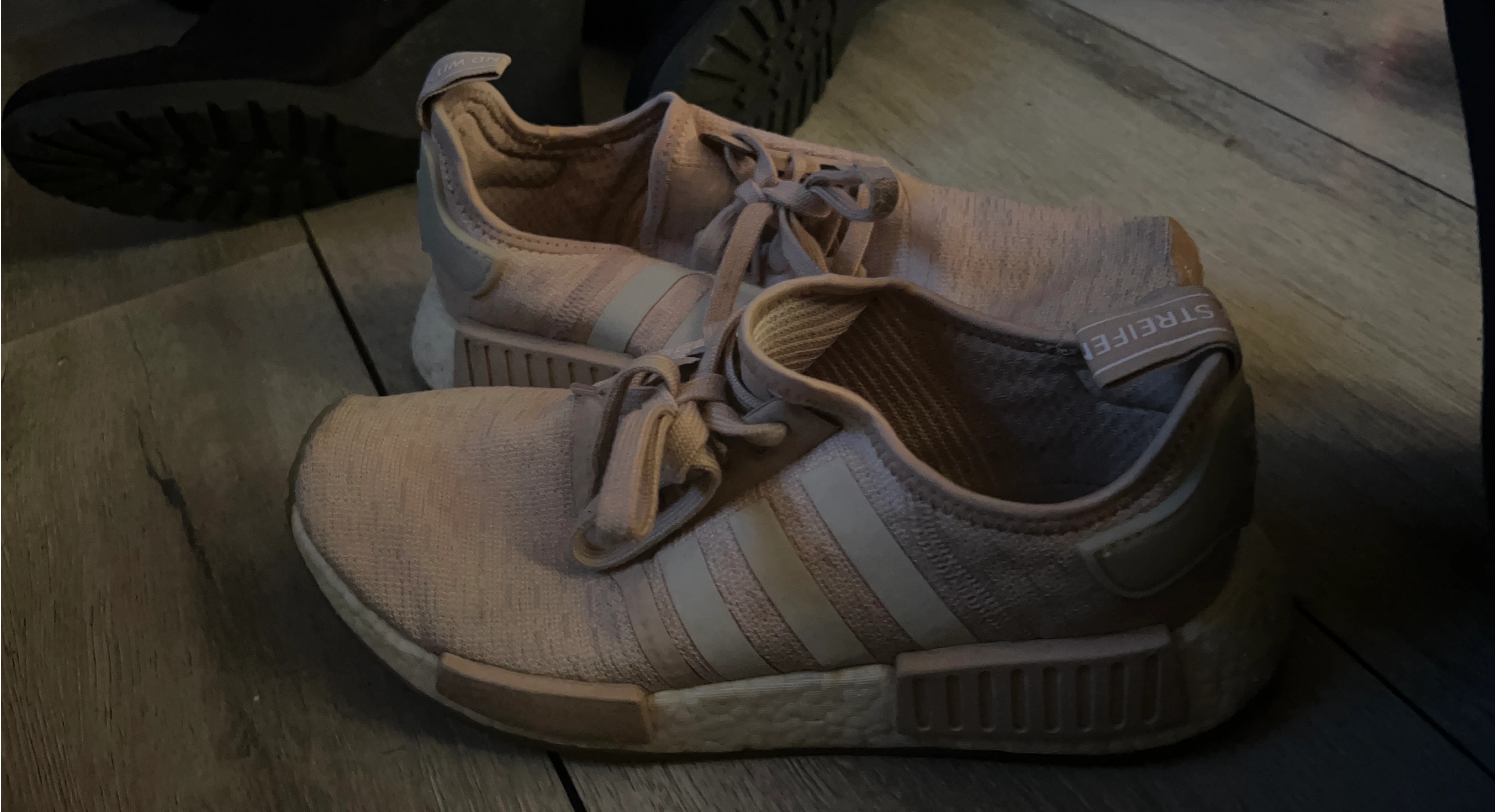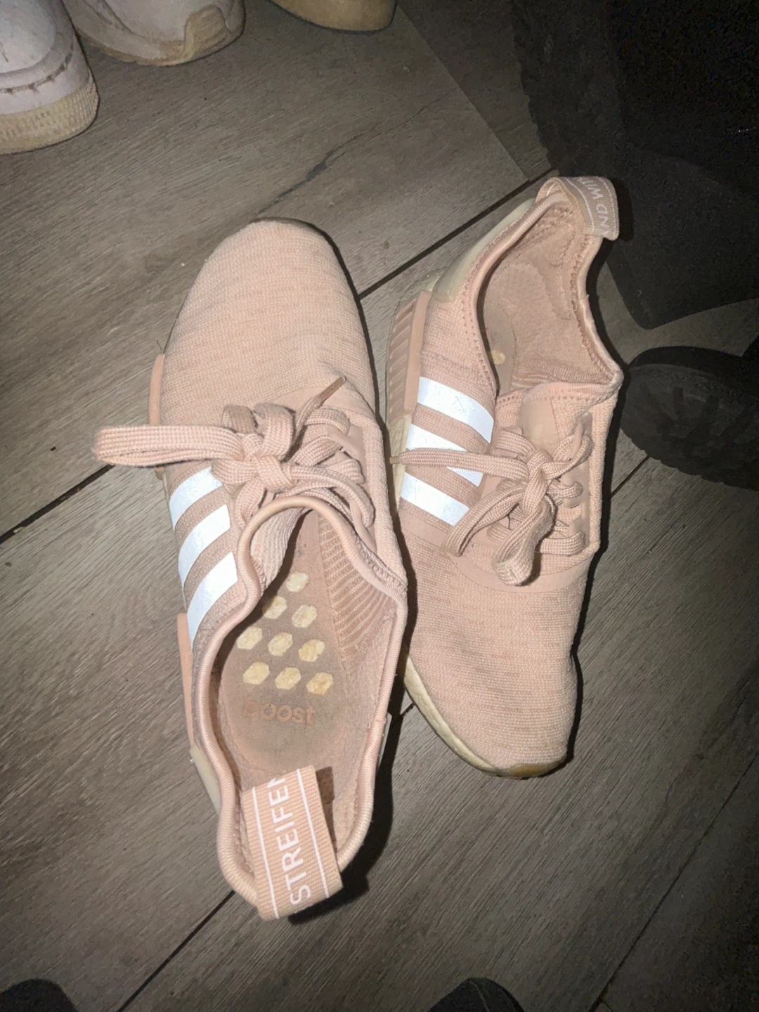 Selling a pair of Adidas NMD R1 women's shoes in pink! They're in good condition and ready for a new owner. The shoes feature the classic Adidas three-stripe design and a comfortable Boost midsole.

--

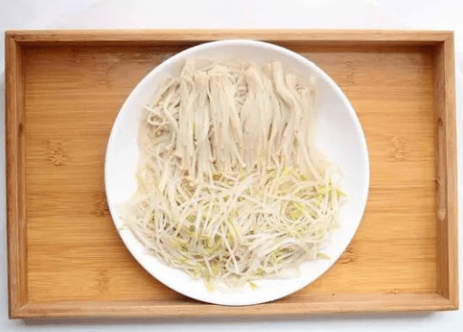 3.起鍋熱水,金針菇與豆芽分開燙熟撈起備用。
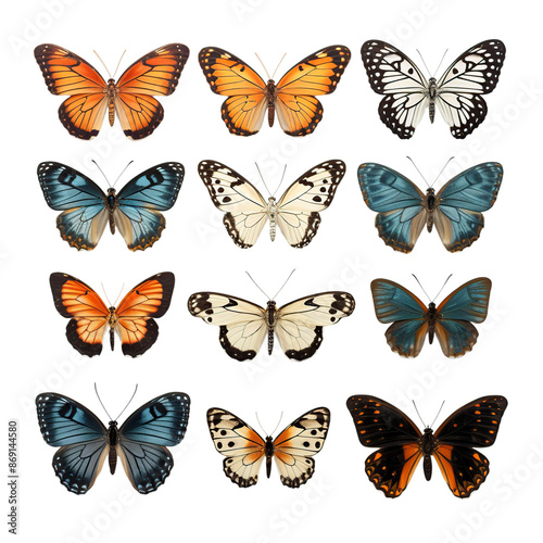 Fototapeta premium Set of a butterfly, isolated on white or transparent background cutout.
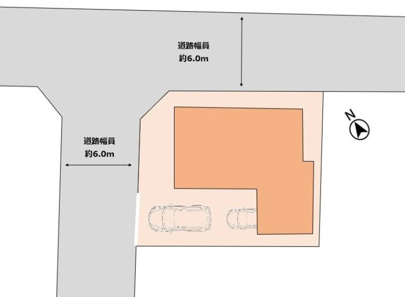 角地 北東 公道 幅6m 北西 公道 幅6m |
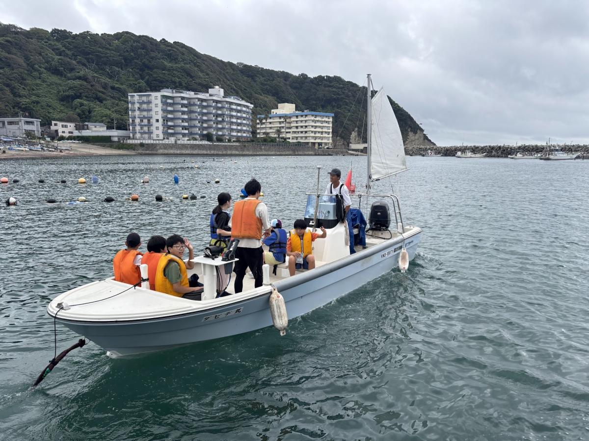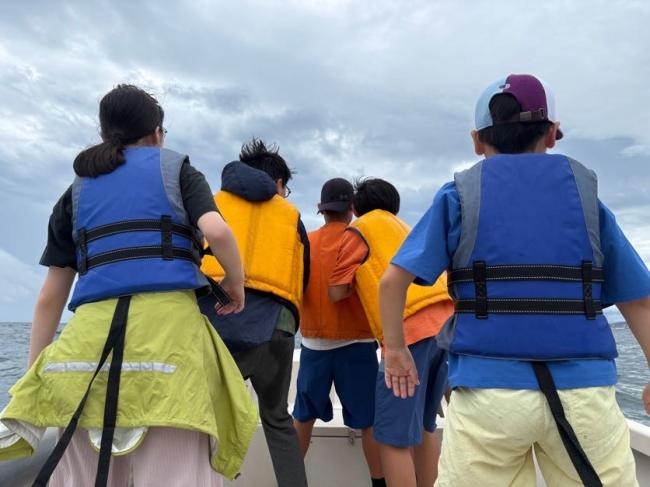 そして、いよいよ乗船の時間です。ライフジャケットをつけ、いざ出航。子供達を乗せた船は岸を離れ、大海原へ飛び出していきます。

**What you have to do**
Using the records above, print exactly the lines between the ones containing "角地 北東 公道 幅6m 北西 公道 幅6m |" and "そして、いよいよ乗船の時間で", inclusive, and nothing else; no pictures.

**Exercise answer**
 角地 北東 公道 幅6m 北西 公道 幅6m |
 そして、いよいよ乗船の時間です。ライフジャケットをつけ、いざ出航。子供達を乗せた船は岸を離れ、大海原へ飛び出していきます。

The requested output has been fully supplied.